E-Reader Cracked – Make Games With a Pen and a Playing Card!

Nintendo 'dot code' 'does an 'N-Gage'.

Posted by Staff
The real thing
The real thing
An interesting article on legendary tech-fiddler site Slashdot points out that Nintendo's e-Reader system has been cracked, opening the path to amongst the cheapest and perhaps even easiest homebrew software to bedroom coders across the globe.

The site declares that "the Reed Solomon error correction used by the Nintendo Game Boy Advance e-Reader has been figured out", and offers several homebrew titles to prove it.

And the procedure is amazingly simple to carry out, at least the part after you make your own game. Making your own game is never easy. Unless you're one of those people who can program things. Which, aside from Gareth and Gavin, we're not.

Anyway, once you have figured out the e-Reader code, a few simple printer adjustments can rattle out games printed to higher quality paper.

In the wider sense, this kind of access to immediate homebrew game creation is perhaps the healthiest thing the industry could have accidentally given the public access to. These was a time when pressing the BREAK key on your Acorn Electron would give you access to the game code, enabling you to tamper at will. With today's machines, this kind of hands-on access has been denied to gamers and would-be programmers.

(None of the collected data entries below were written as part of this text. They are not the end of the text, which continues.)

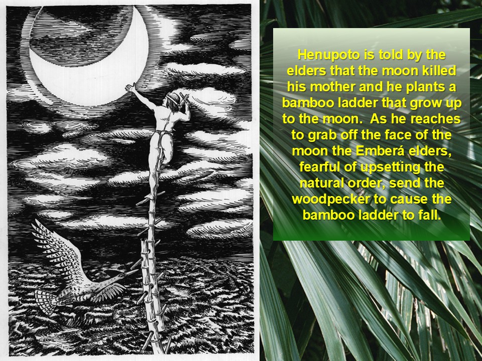 For example, when Alipio says “our father,” this is really Ancoré, a powerful creator spirit, and it is really most likely that the missionaries have insisted that Ancoré be interpreted as “our father.” And when Alipio states that the father spirit made love to the young woman between her toes, it is likely that many Emberá listeners are actually visualizing something like a crystalline, pale white beam of moonlight that pierces the thatch roof and enters the young woman’s foot to fertilize her with child. The Western assumption is most likely that of the image of male-female physical sexual intercourse between her toes. This is of course unsaid in this version of the story but almost every line is full of similar complex assumed knowledge in order to communicate its “pregnant” message. It is also interesting that the elders later on in the story tell Henupoto that the Moon killed his mother by sending a beam that consumed her heart. The irony is that, in part, this is true if the creator spirit fertilized his mother with a moonbeam that ultimately resulted in her death.
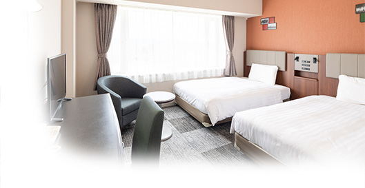 壁紙やカーペットを一新し、地域性を感じられる快適な空間へと生まれ変わりました。旅の疲れを癒す、ゆったりと座れるアームチェアを導入、また、快適な浴び心地が魅力のコンフォートウェーブシャワーを導入しより快適にお過ごしいただけます。快眠枕「チョイスピロー」を全室導入し、より質の高い眠りを提供します。添い寝のお子様は小学生まで無料で宿泊できます。清潔感あふれる親しみやすいモダンで快適な空間で、心地よいひとときをお過ごしください。
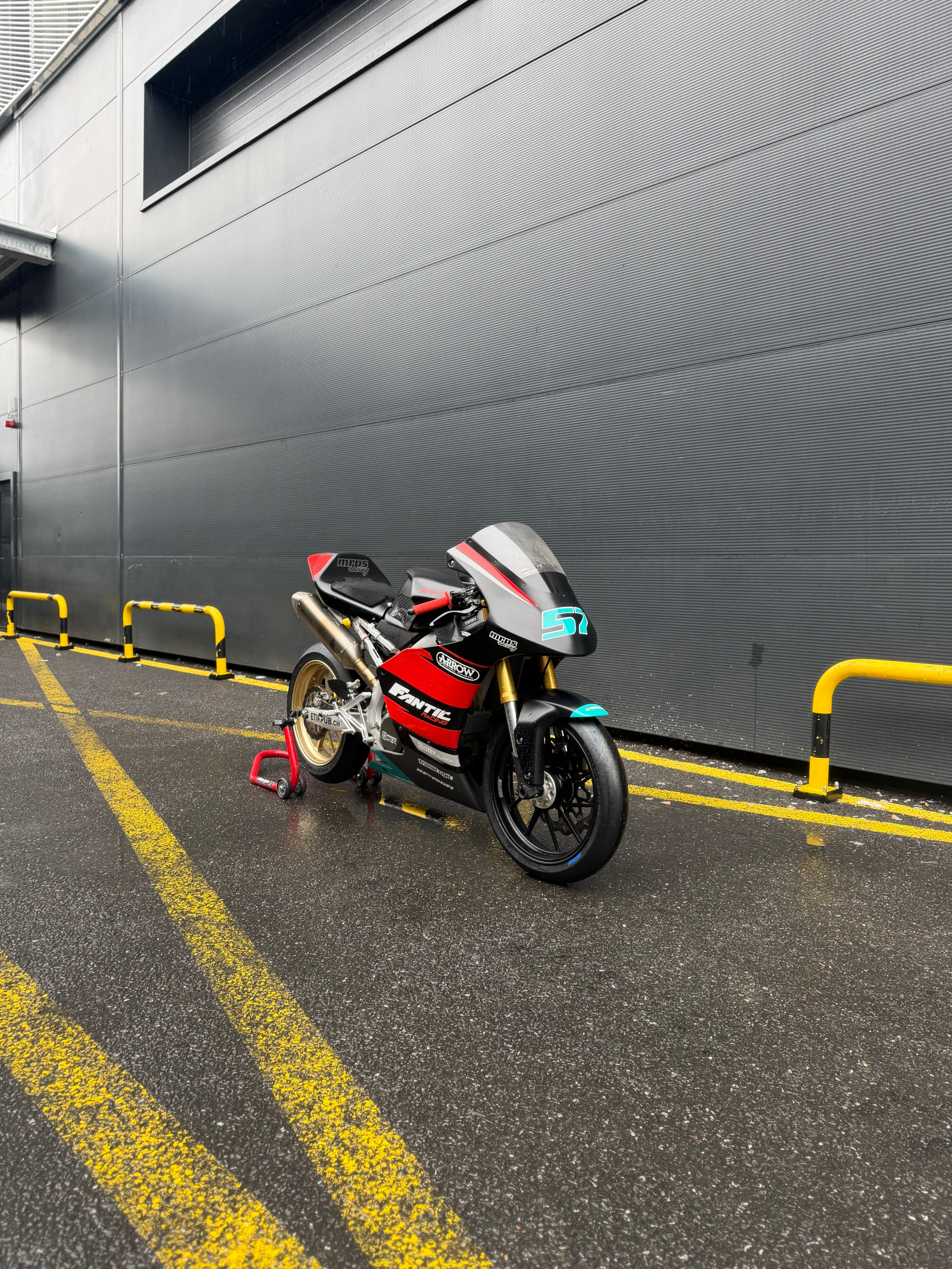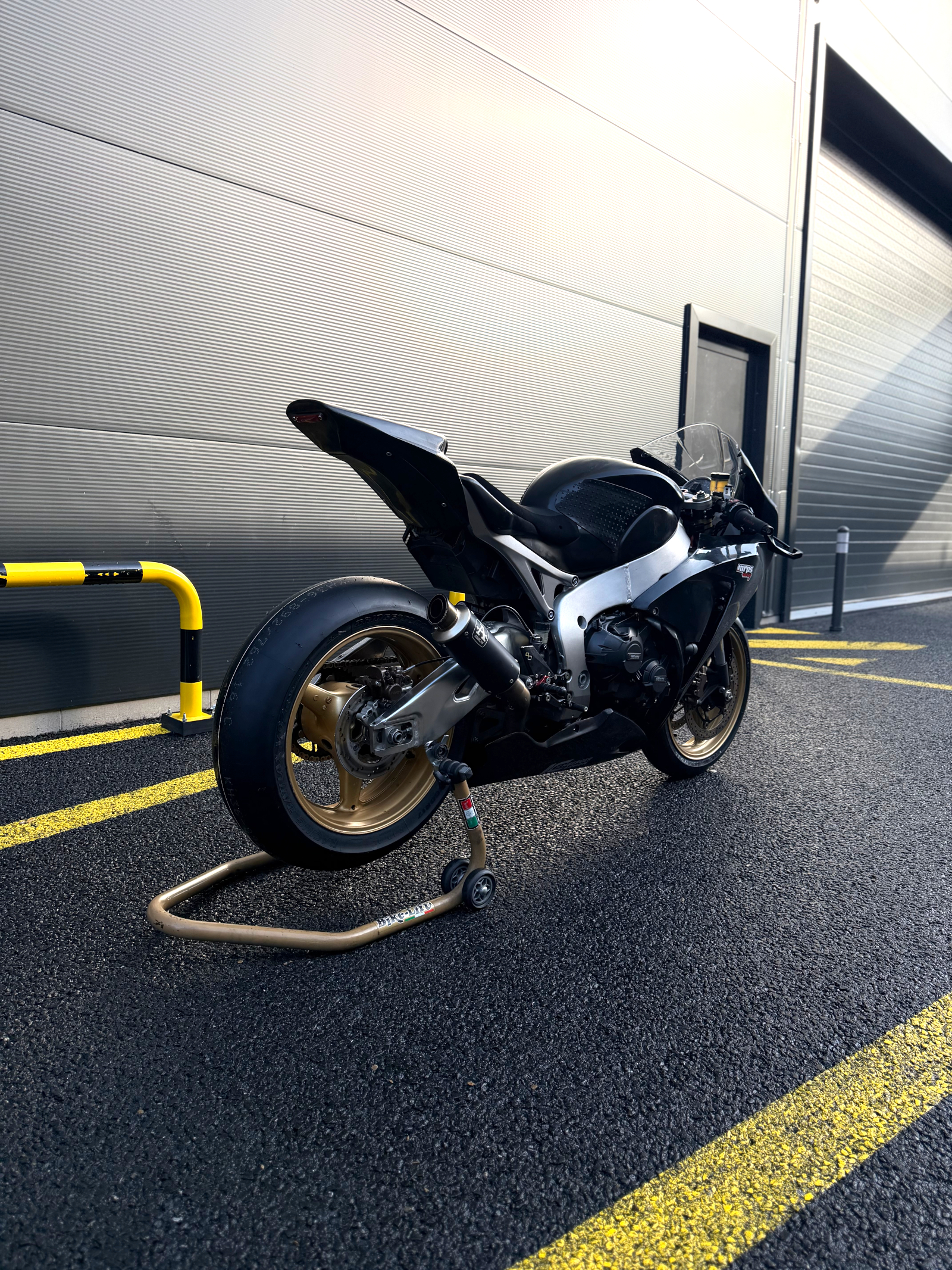 - 4 cylindres 1000cm3 - Quickshifter - Traction Control - Commandes reculées - Indicateur de rapport engagé - Vitesses inversées ou normales - Carénage piste - Protections carters moteur - Maître-cylindre Brembo PR19 - Durites aviation - Plaquettes Brembo racing - Pneus Metzeler Racetec TD Slick / Bridgestone V02

Indeed, if you were to ask almost any games developer, they all started out in their bedrooms fiddling around with one of a variety of home machines, breaking into games and learning how they worked. Although in the case of the Amiga, this ease of access unleashed endemic piracy. As to the extent of sales damage, this point is still the topic of fierce debate. In the main, we have the golden era of the early-to-mid 80's to thank for almost everything we see commercially released today.

Check the Slashdot Games website if you are interested in finding out more.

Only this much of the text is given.